[WHAT YOU WILL DO]
Print the data exactly as written, line for line, and leave its pictures behind.

[EXERCISE DATA]
* * * * * * * * *

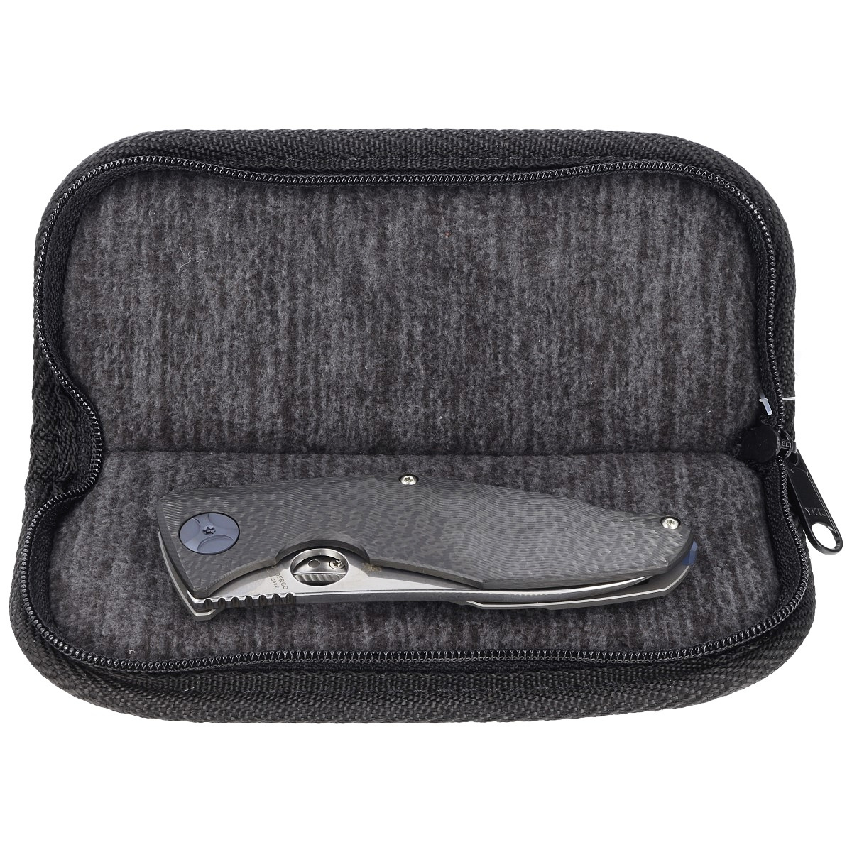 Rękojeść - po stronie prezentacyjnej Carbon Fiber o chaotycznym, "pijanym" (Drunken) wzorze. Po stronie blokady, solidny kawałek tytanu pokryty delikatnym wzorem pajęczej nici. Okładziny połączono ze sobą backspacerem, anodyzowanym na niebiesko. Tym samym kolorem anodyzowano śrubę pivota oraz klips. Solidny, jednostronny (prawa) tytanowy klips umożliwia noszenie noża w pozycji tip-up (czubkiem ostrza do góry). W górnej części backspacera lanyard hole, otwór na smycz lub linkę.
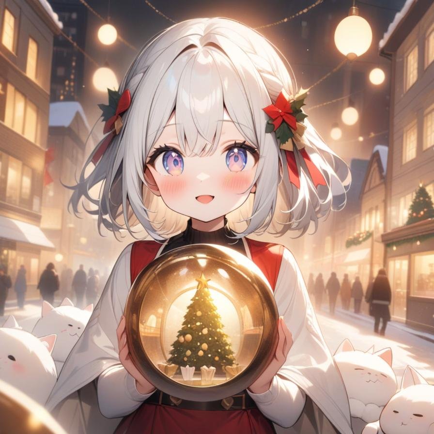 クリスマスツリーを水晶玉に写り込ませたこの構図、すごく良いね✨
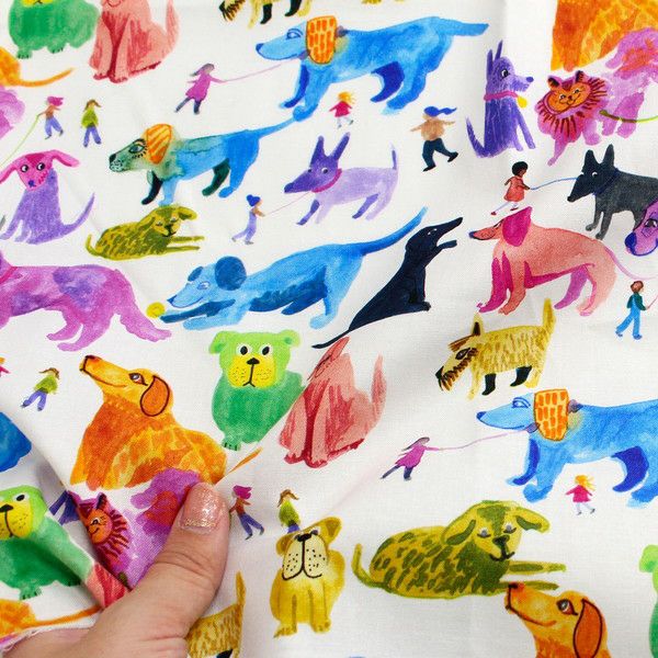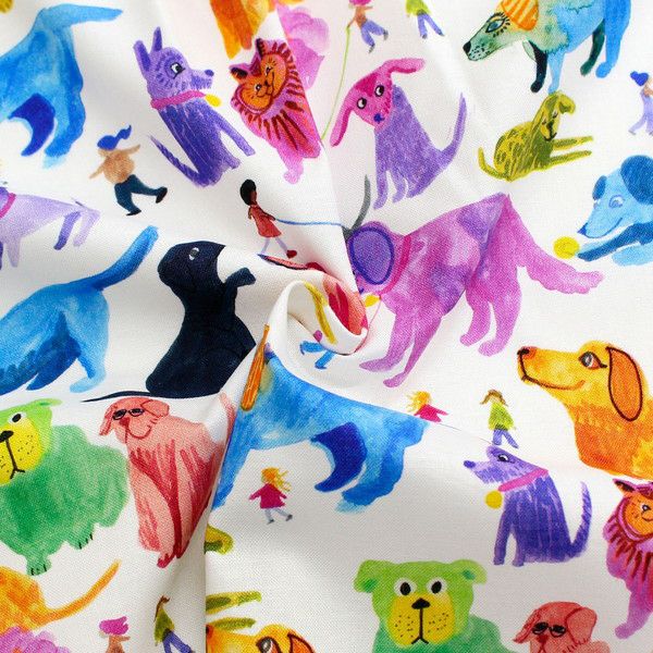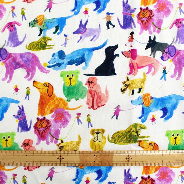 輸入生地 生地 WH地水彩カラフル犬の散歩 STELLA ステラ TIMELESS USAプリント (最低単位30cm~10cm単位の切売) | 手芸材料のネットショップ つくる楽しみ.com
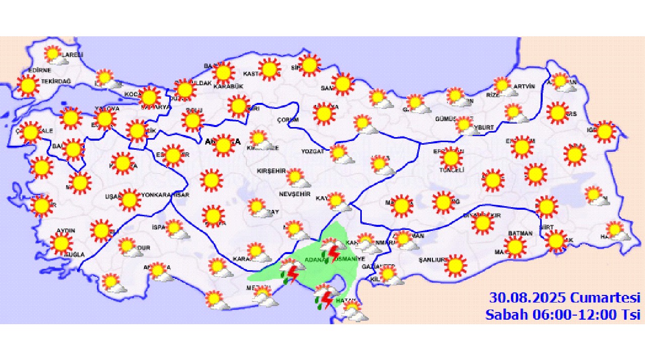 Meteoroloji Genel Müdürlüğü’nün (MGM) tahminlerine göre, 30 Ağustos Cumartesi günü ülkenin büyük bölümünde az bulutlu ve açık bir hava etkili olacak. Ancak Doğu Akdeniz ve Karadeniz’in doğusunda yer yer sağanak ve gök gürültülü sağanak yağışlar bekleniyor.
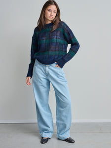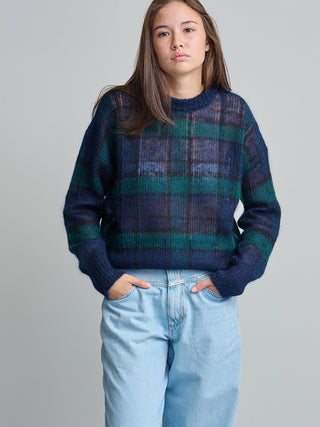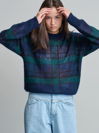 Trui van het Italiaanse merk Pomandère. 35% polyamide, 35% alpaca, 20% mohairwol, 10% wol. Kleur: 890. Trui met ronde hals in jacquard.
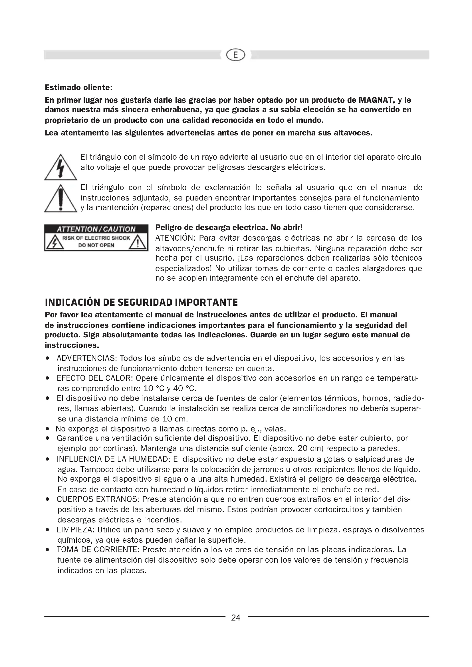 Estimado cliente: En primer lugar nos gustaría darle las gracias por haber optado por un producto de MAGNAT, y le damos nuestra más sincera enhorabuena, ya que gracias a su sabia elección se ha convertido en proprietario de un producto con una calidad reconocida en todo el mundo. Lea atentamente las siguientes advertencias antes de poner en marcha sus altavoces. El triángulo con el símbolo de un rayo advierte al usuario que en el interior del aparato circula alto voltaje el que puede provocar peligrosas descargas eléctricas. El triángulo con el símbolo de exclamación le señala al usuario que en el manual de instrucciones adjuntado, se pueden encontrar importantes consejos para el funcionamiento y la mantención (reparaciones) del producto los que en todo caso tienen que considerarse. Peligro de descarga electrica. No abrir! ATENCIÓN: Para evitar descargas eléctricas no abrir la carcasa de los altavoces/enchufe ni retirar las cubiertas. Ninguna reparación debe ser hecha por el usuario. ¡Las reparaciones deben realizarlas sólo técnicos especializados! No utilizar tomas de corriente o cables alargadores que no se acoplen integramente con el enchufe del aparato.

* * * * * * * * *

[YOUR RESPONSE]
 Rękojeść - po stronie prezentacyjnej Carbon Fiber o chaotycznym, "pijanym" (Drunken) wzorze. Po stronie blokady, solidny kawałek tytanu pokryty delikatnym wzorem pajęczej nici. Okładziny połączono ze sobą backspacerem, anodyzowanym na niebiesko. Tym samym kolorem anodyzowano śrubę pivota oraz klips. Solidny, jednostronny (prawa) tytanowy klips umożliwia noszenie noża w pozycji tip-up (czubkiem ostrza do góry). W górnej części backspacera lanyard hole, otwór na smycz lub linkę.
 クリスマスツリーを水晶玉に写り込ませたこの構図、すごく良いね✨
 輸入生地 生地 WH地水彩カラフル犬の散歩 STELLA ステラ TIMELESS USAプリント (最低単位30cm~10cm単位の切売) | 手芸材料のネットショップ つくる楽しみ.com
 Meteoroloji Genel Müdürlüğü’nün (MGM) tahminlerine göre, 30 Ağustos Cumartesi günü ülkenin büyük bölümünde az bulutlu ve açık bir hava etkili olacak. Ancak Doğu Akdeniz ve Karadeniz’in doğusunda yer yer sağanak ve gök gürültülü sağanak yağışlar bekleniyor.
 Trui van het Italiaanse merk Pomandère. 35% polyamide, 35% alpaca, 20% mohairwol, 10% wol. Kleur: 890. Trui met ronde hals in jacquard.
 Estimado cliente: En primer lugar nos gustaría darle las gracias por haber optado por un producto de MAGNAT, y le damos nuestra más sincera enhorabuena, ya que gracias a su sabia elección se ha convertido en proprietario de un producto con una calidad reconocida en todo el mundo. Lea atentamente las siguientes advertencias antes de poner en marcha sus altavoces. El triángulo con el símbolo de un rayo advierte al usuario que en el interior del aparato circula alto voltaje el que puede provocar peligrosas descargas eléctricas. El triángulo con el símbolo de exclamación le señala al usuario que en el manual de instrucciones adjuntado, se pueden encontrar importantes consejos para el funcionamiento y la mantención (reparaciones) del producto los que en todo caso tienen que considerarse. Peligro de descarga electrica. No abrir! ATENCIÓN: Para evitar descargas eléctricas no abrir la carcasa de los altavoces/enchufe ni retirar las cubiertas. Ninguna reparación debe ser hecha por el usuario. ¡Las reparaciones deben realizarlas sólo técnicos especializados! No utilizar tomas de corriente o cables alargadores que no se acoplen integramente con el enchufe del aparato.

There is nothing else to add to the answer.